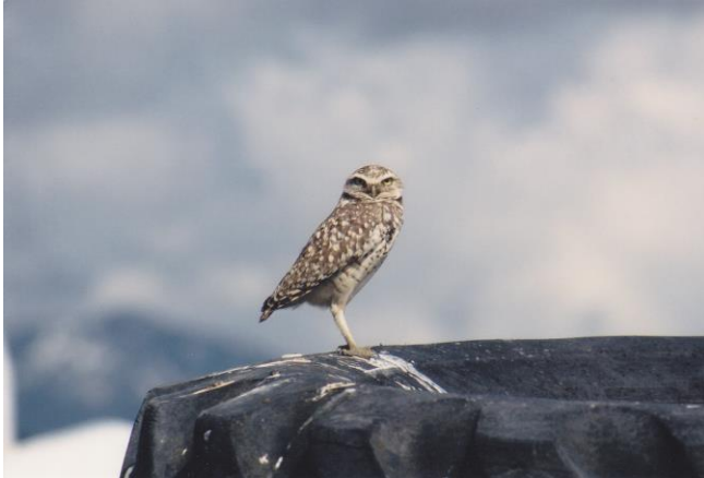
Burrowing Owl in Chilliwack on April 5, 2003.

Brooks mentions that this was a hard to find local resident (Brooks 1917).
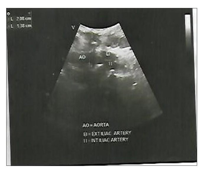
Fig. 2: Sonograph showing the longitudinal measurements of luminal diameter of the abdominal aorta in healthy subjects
* * * * * * *
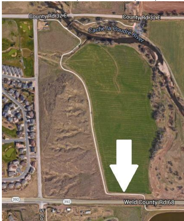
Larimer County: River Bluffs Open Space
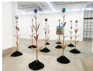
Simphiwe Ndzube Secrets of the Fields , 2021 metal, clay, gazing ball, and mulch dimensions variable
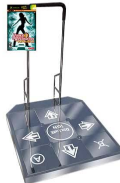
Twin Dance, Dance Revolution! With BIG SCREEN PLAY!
* * * * * * *
ABOUT THIS EXERCISE:
In the material above, one part opens with the line containing "Burrowing Owl in Chilliwack on April 5, 2003." and closes with the line containing "Fig. 2: Sonograph". Write out that part exactly and skip its pictures.

EXPECTED OUTPUT:
Burrowing Owl in Chilliwack on April 5, 2003.

Brooks mentions that this was a hard to find local resident (Brooks 1917).
Fig. 2: Sonograph showing the longitudinal measurements of luminal diameter of the abdominal aorta in healthy subjects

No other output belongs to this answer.